It was while rewatching 2009 space horror flick Pandorum over the weekend that I realized it’s essentially a Souls movie in disguise, released just a month before Demon’s Souls arrived in the United States.
No, wait, don’t go! I can explain!
In my mind, there are three key elements to a Dark Souls story: a protagonist exploring the remnants of a society long after it’s collapsed, antagonists that lost themselves sometime during that collapse, and a heavy emphasis on environmental storytelling and lore. Pandorum has all of those, plus a side character that feels like an exact copy of Patches, the conniving NPC that acts as one of the biggest unifying details between Demon’s Souls, the Dark Souls series, and Bloodborne. Let’s get into it.
Pandorum follows Payton (Dennis Quaid) and Bower (Ben Foster) after they awaken from hypersleep aboard the interstellar spaceship Elysium, which as far as they know is in the middle of a 123-year process of transporting 60,000 colonists to an Earth-like planet named Tanis. A prolonged stint in suspended animation has left them with scattered memories of their mission.
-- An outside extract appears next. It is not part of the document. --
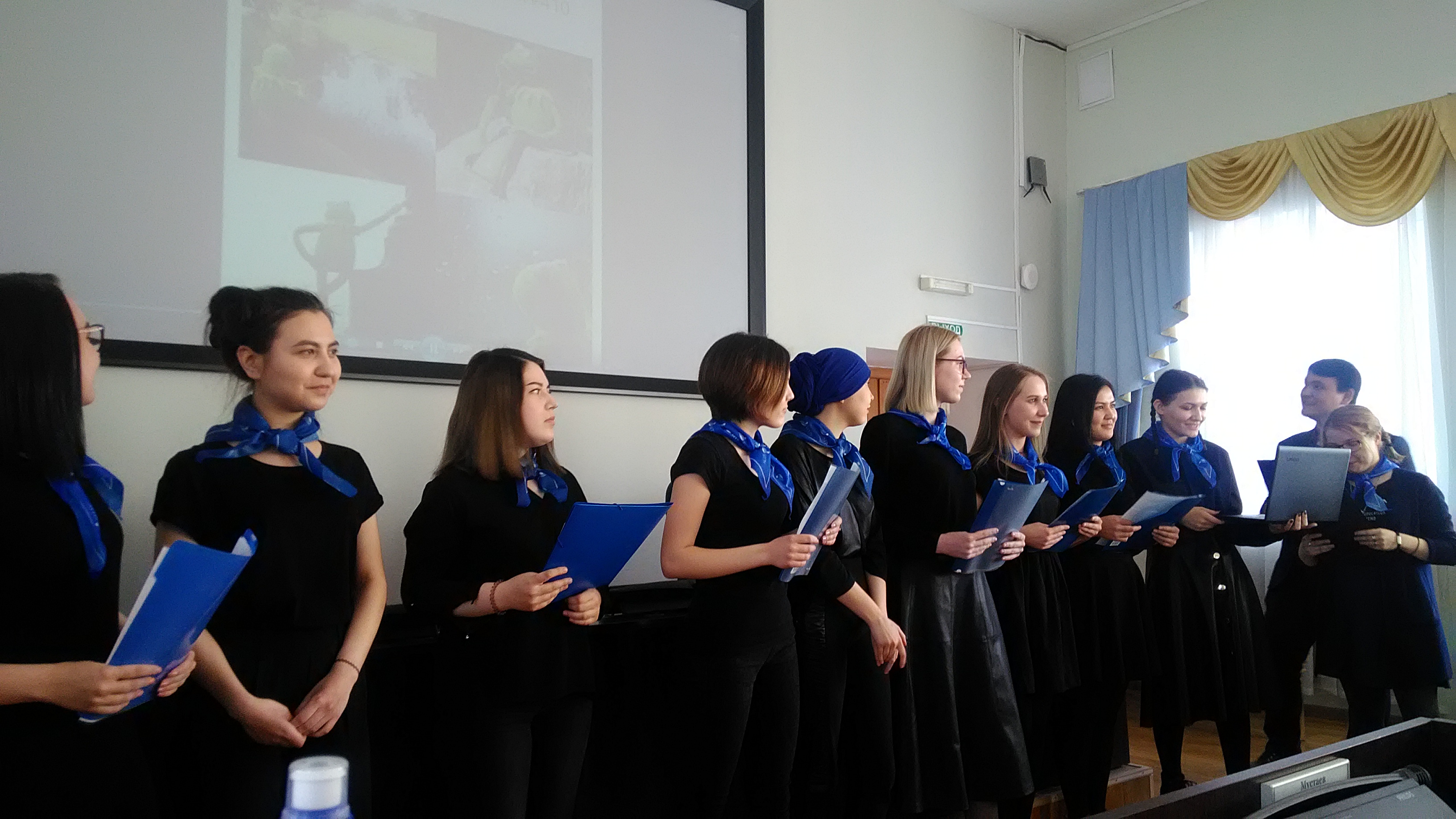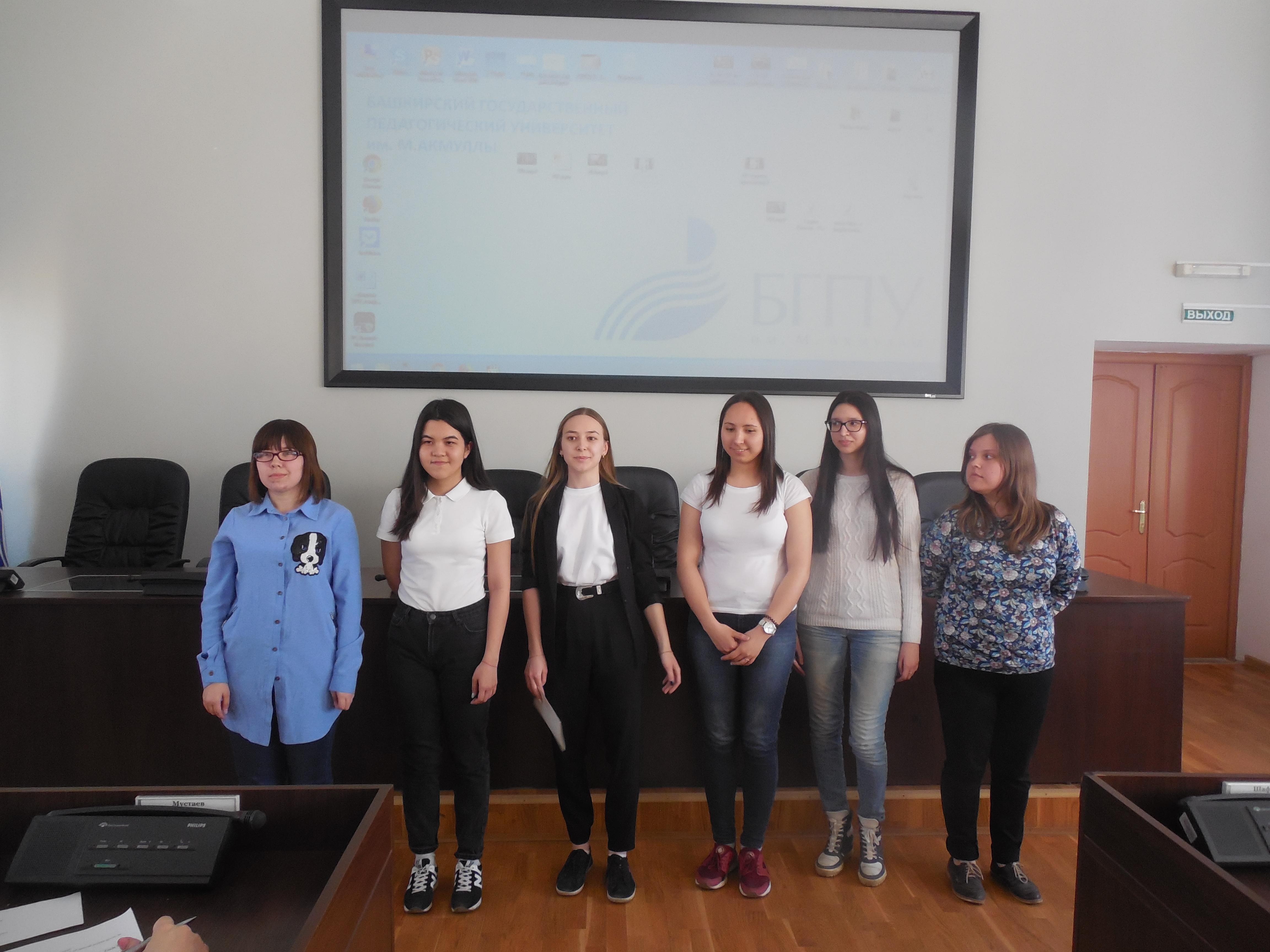 Защита проектов проходила в форме конкурса. Строгое жюри в лице руководителей практики - доцента кафедры английского языка, к.ф.н. Абдюшевой С.А., ассистента кафедры английского языка Васильевой В.П., ассистента кафедры английского языка Гималовой Э.М., заведующей кафедрой английского языка, доцента, к.ф.н. Иксановой Р.М, а также старшего преподавателя кафедры английского языка Саттаровой Р.М., оценивали работу студентов по ряду критериев, которые включали в себя грамотное владение языком, умение работать в команде, творческий подход к заданию, умение презентации проекта.

What they do know is that they’re trapped in the room where they awakened, cut off from the bridge and the flight crew they’re supposed to relieve.
Much of the movie focuses on Bower as he explores the ship, trying to piece together why he’s there and what his purpose is. It’s clear from the outset that things haven’t gone well, mostly thanks to an opening scene where the captain is informed that Earth, overpopulated and desperate, has disappeared after an apparent nuclear war. But even after Bower escapes the hypersleep room, the ship seems more like an alien tomb rather than a vessel that was supposed to save humanity.
The Elysium, like Boletaria, Lordran, Drangleic, Lothric, and Yharnam after it, serves almost as a secondary character in the story of Pandorum. Its shadowy hallways billow with steam as Bower explores their depths, creaking and groaning against the hollow space outside. Add to that the random reactor malfunctions, which sees the ship’s various electronics and engineering suddenly spring to life before again settling into a low-power mode, and it’s like the Elysium is a living creature doing its best to contend with the organisms inside of it.
Bower eventually learns that the vessel has been overrun by a species of vicious cannibals that subsist on the Elysium’s crew. The power fluctuations mean that they are constantly supplied with delirious pilots and engineers as they unceremoniously leave hypersleep. Marauders rampage through the halls of the spaceship with crude, makeshift weapons, evoking images of the hunting parties that antagonize the player in the opening hours of Bloodborne. The cannibals even look a little like Hollows, basic enemies from the rest of the Souls series.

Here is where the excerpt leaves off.